Я знаю, что Антон не договаривает. Наверняка Артем вчера прошелся по мне, будто каток, но я не жажду выслушивать эти гадости, поэтому не уточняю.
– Он ведь не оставит тебя в покое… – предрекаю я. О, моя уверенность тверда, как никогда. Тот прежний Кирилл больше всего в жизни хотел именно то, в чем ему отказывали. И этот Артем такой же. Он не отступит. Не теперь, когда желаемое ускользает из его рук.
– Посмотрим, Кир, – устало вздыхает Антон. – Не хочу больше о нем говорить. Не хочу, чтобы он становился между нами. Пожалуйста.
Я медленно киваю. Хорошо бы и правда выбросить его из головы, потому что времени не так уж и много и тратить его на какого-то мудака совсем не хочется. Но как это обычно и бывает: решить – гораздо труднее, чем сделать.
В тот день Антон молчалив, задумчив. Даже мама замечает это, спрашивает у него, все ли в порядке. Он отвечает «да», улыбается, но никого обмануть ему не удается. Вечерние сумерки быстро прогорают, небо становится темно-синим с яркими крапинками-звездами.
– Мама, можно он останется? – спрашиваю я, выйдя на кухню. Антон в моей спальне, листает учебник по химии, но вряд ли он способен сейчас учиться.
– На ночь? – уточняет она, только чтобы потянуть время. Я вижу ее неуверенность, сомнения. Что делать, если она откажет? – А что скажет его мама?
– Она даже не заметит, – фыркаю я, но тут же добавляю: – Но он позвонит и предупредит. Мама, пожалуйста.
– У него какие-то проблемы?
Что мне ответить? Не могу же я ей рассказывать об Артеме. Это не моя тайна. Да и мама вряд ли воспримет такие подробности благосклонно. Она и так перебарывает себя ежедневно, и только Богу известно, каких усилий ей стоит принимать наши с Антоном отношения.
– Я просто нужен ему, – произношу я и тут же сжимаюсь. Звучит, как в сопливых мелодрамах – глупо и двусмысленно. Но мама глядит на меня внимательно, будто снимает шелуху, под которой прячется истина. Потом медленно, будто бы с трудом, кивает.

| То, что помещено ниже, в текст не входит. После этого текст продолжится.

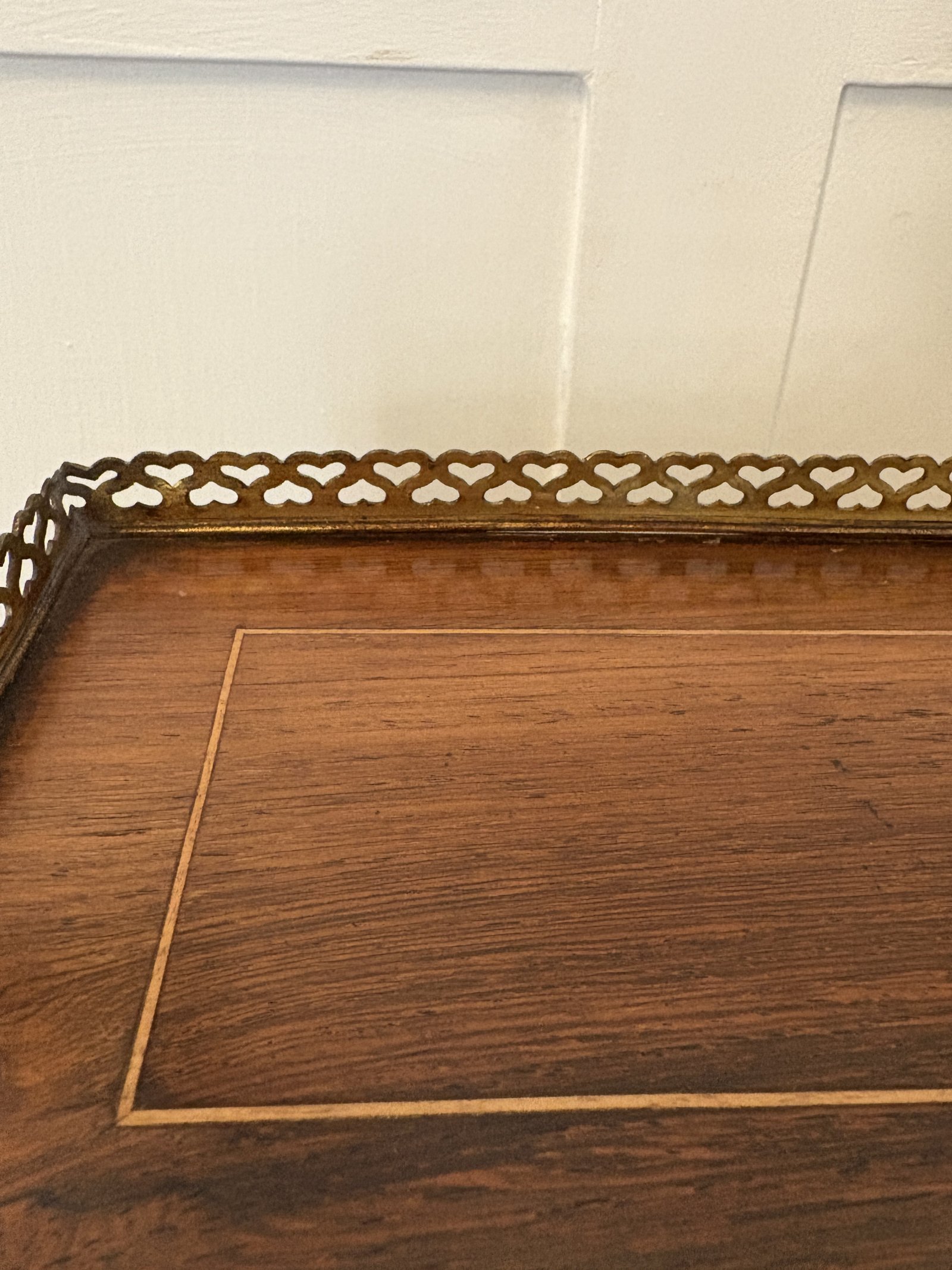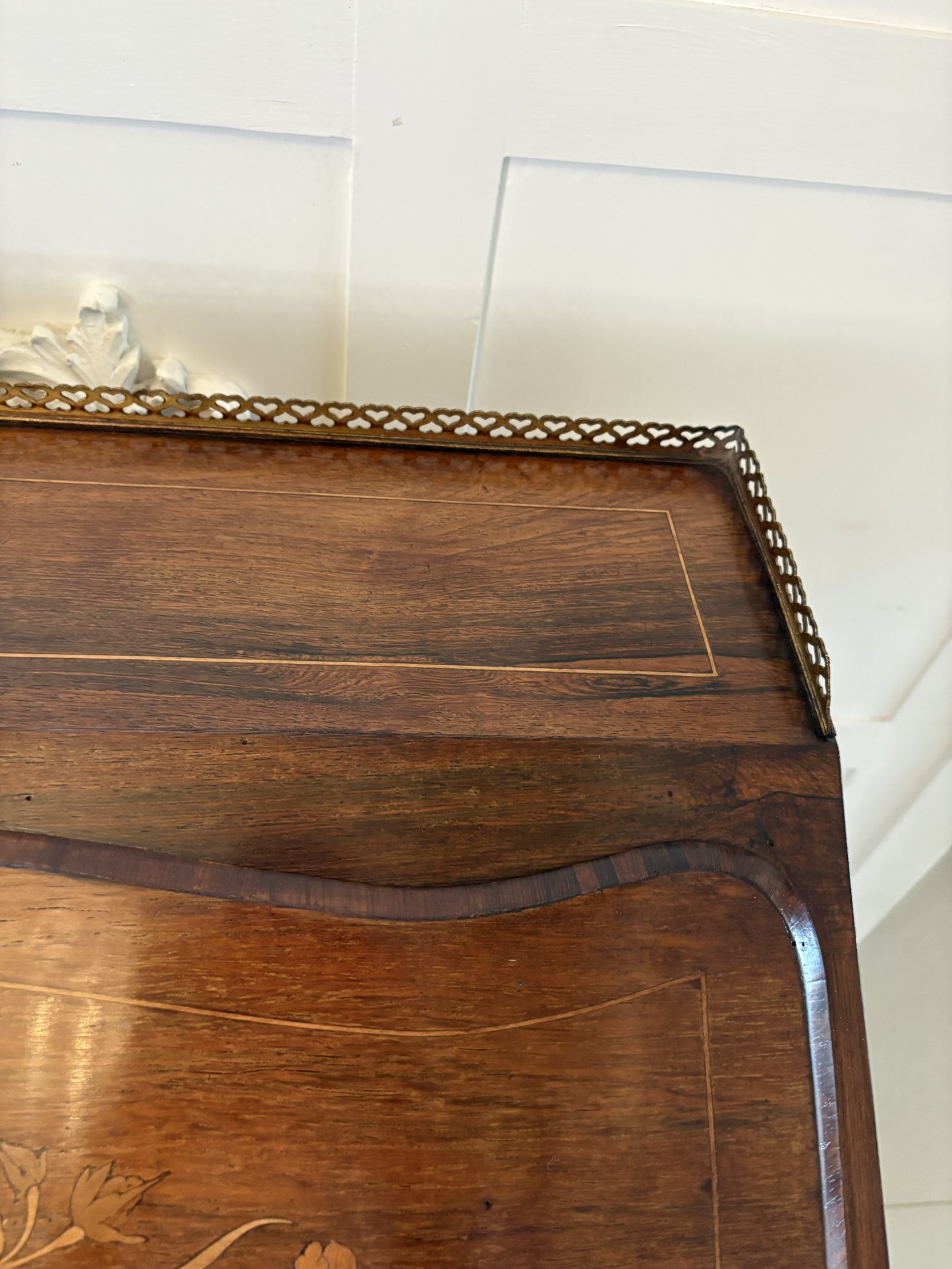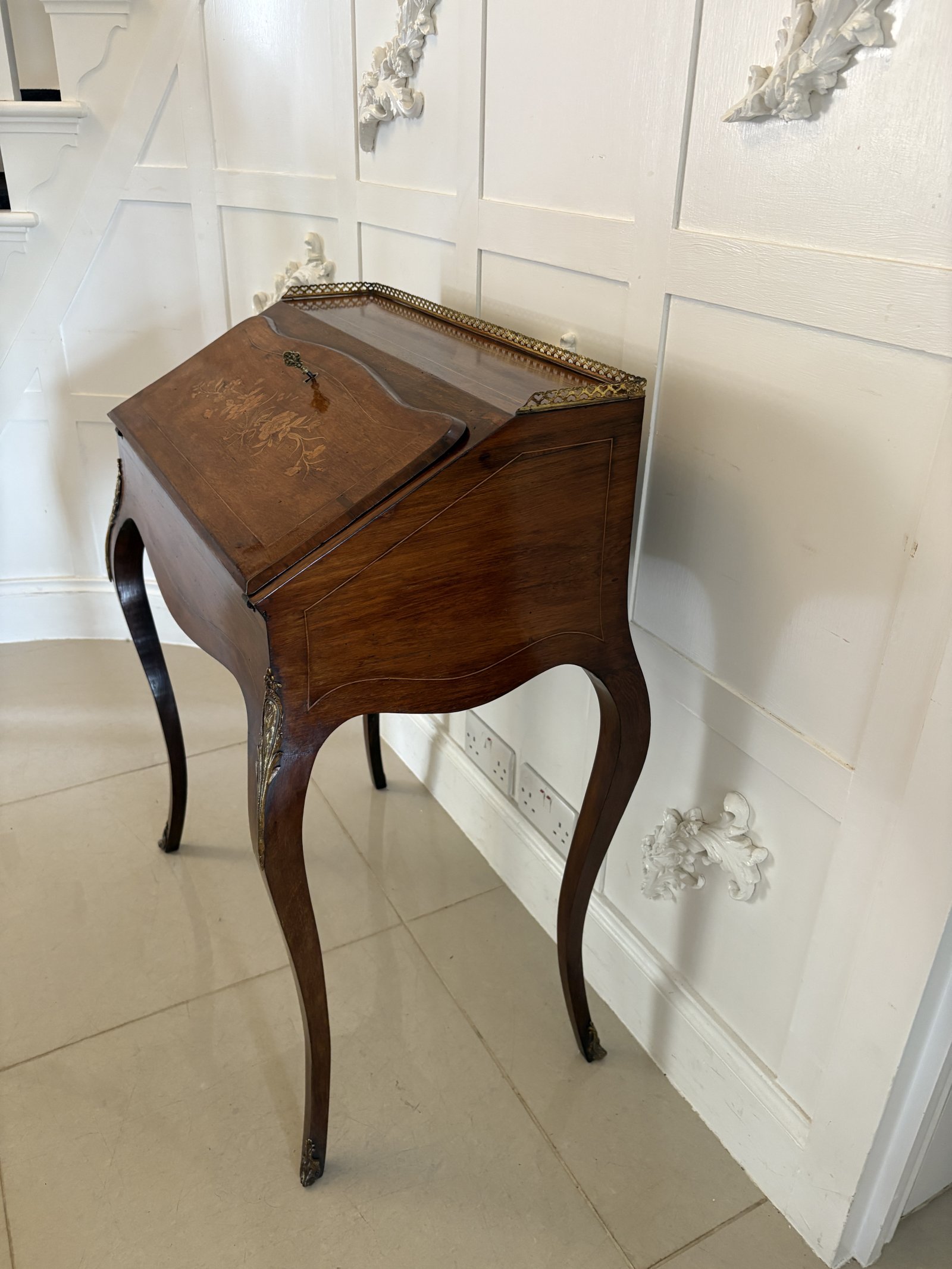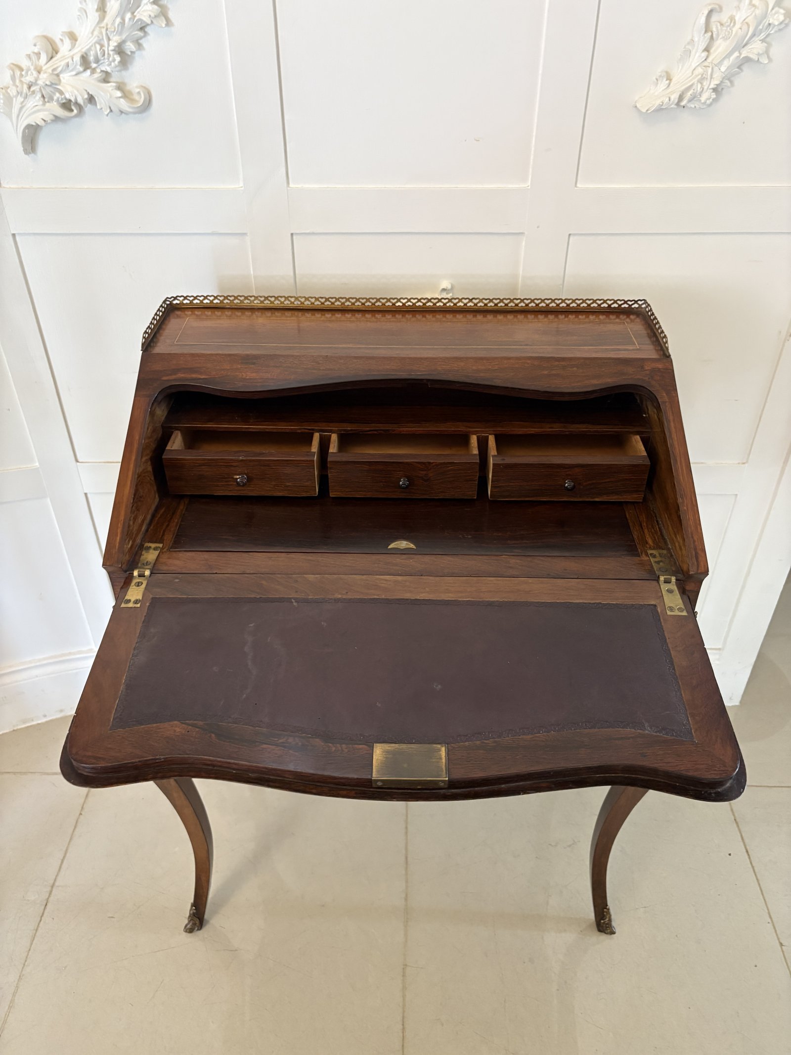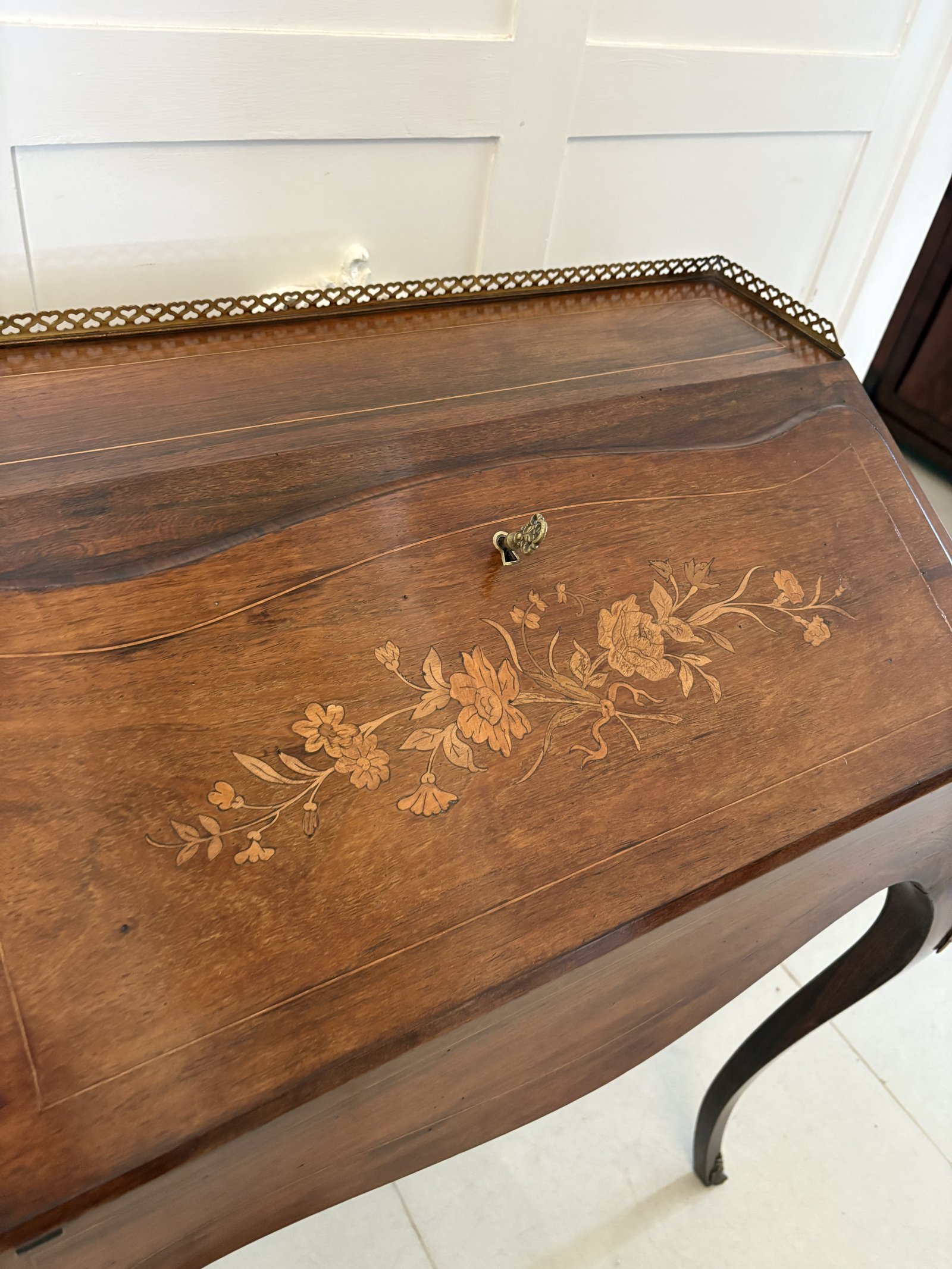 Antique Victorian French quality rosewood marquetry inlaid bureau having the original ornate brass gallery above a quality rosewood marquetry inlaid fall opening to reveal three drawers and a sliding storage compartment standing on shaped cabriole legs with ornate gilded brass mounts

– Пускай остается. Не забудьте предупредить его мать.
– Не забудем. Спасибо, мама! – горячо благодарю я. Преодолеваю разделяющее нас расстояние, целую ее в сухую, словно пергаментную щеку. Она вдруг хватает меня за предплечье, смотрит прямо в глаза, тихо произносит:
– Кирилл, смотрите только…
– Не продолжай, – тороплюсь я ее перебить. – Мы… – щеки горят, будто их кипятком обварили… – не собираемся. Мама, прошу! – в конце концов, вымученно выдыхаю я.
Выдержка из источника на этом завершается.